In addition, the advancement of multi-omics technologies has enabled the molecular landscape of the endothelial-immunothrombotic storm to be deconstructed at a systems level. Techniques such as transcriptomics, proteomics, metabolomics, and single-cell sequencing allow for the systematic analysis of the molecular modules, perturbed signaling pathways, and cellular lineage reprogramming associated with endothelial activation, inflammatory amplification, immune exhaustion, and immunothrombosis. This reveals the mechanistic hallmarks of different storm stages and the heterogeneity among patients (59, 114). Several studies indicate that in both COVID-19 and non-COVID-19 sepsis, non-survivors consistently exhibit sustained gene expression dysregulation. This includes persistent suppression of T cell signaling alongside continuous overactivation of innate immune and metabolism-related pathways, constituting an immunodysfunctional phenotype that is difficult to reverse (94, 96, 110). These conserved molecular imbalances across diseases suggest that high-dimensional mechanistic information is more indicative of critical disease junctures than traditional clinical parameters.

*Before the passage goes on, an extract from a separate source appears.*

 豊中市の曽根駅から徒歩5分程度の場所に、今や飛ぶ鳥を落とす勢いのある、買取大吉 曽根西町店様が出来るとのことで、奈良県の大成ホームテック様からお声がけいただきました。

However, multi-omics data are challenging to apply directly in clinical settings. There is an urgent need to distill this information into biomarker panels that can be tested at the bedside. Given that individual biomarkers often exhibit non-linear and interdependent dynamic changes during the disease course, the research focus should shift from single indicators to mechanism-based combinatorial signatures. A multi-dimensional biomarker panel constructed around the key nodes of the storm (Table 3) holds promise for dynamically assessing disease status, identifying optimal therapeutic windows, and enabling more precise, individualized patient management.
Table 3. Viral sepsis–related biomarkers and their clinical significance.

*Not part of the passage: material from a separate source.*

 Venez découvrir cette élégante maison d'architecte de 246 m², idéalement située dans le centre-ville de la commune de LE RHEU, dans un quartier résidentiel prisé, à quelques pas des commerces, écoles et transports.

5.2 Therapeutic strategies
The endothelial-immunothrombotic storm requires a multimodal, pathway-targeted approach that integrates antiviral therapy, immune modulation, inflammation control, correction of coagulopathy, and endothelial protection. To facilitate a holistic understanding of this framework, Table 4 summarizes the major pathological components and their corresponding potential interventions in a structured format.
Table 4. Core pathological processes and corresponding intervention strategies in viral sepsis.
5.2.1 Antiviral therapy
Within this pathological network, viral replication represents the earliest and most essential upstream driver of the endothelial–immune thrombotic storm. Effective antiviral therapy can reduce viral load, thereby limiting endothelial infection, attenuating inflammatory stimuli, and dampening downstream immune and coagulation cascade activation. In viral sepsis exemplified by COVID-19, small-molecule antivirals such as nirmatrelvir–ritonavir and remdesivir have demonstrated the ability to reduce disease progression when administered during the early viral-replicative phase (115, 116). In other forms of viral sepsis, such as dengue, influenza, and enteroviral infections, early initiation of pathogen-specific antiviral agents, when available, is likewise crucial for preventing subsequent amplification of immune and coagulation responses. It is important to note, however, that viral rebound may still occur despite early antiviral administration, as documented in studies reporting SARS-CoV-2 recurrence following Nirmatrelvir–Ritonavir therapy (117).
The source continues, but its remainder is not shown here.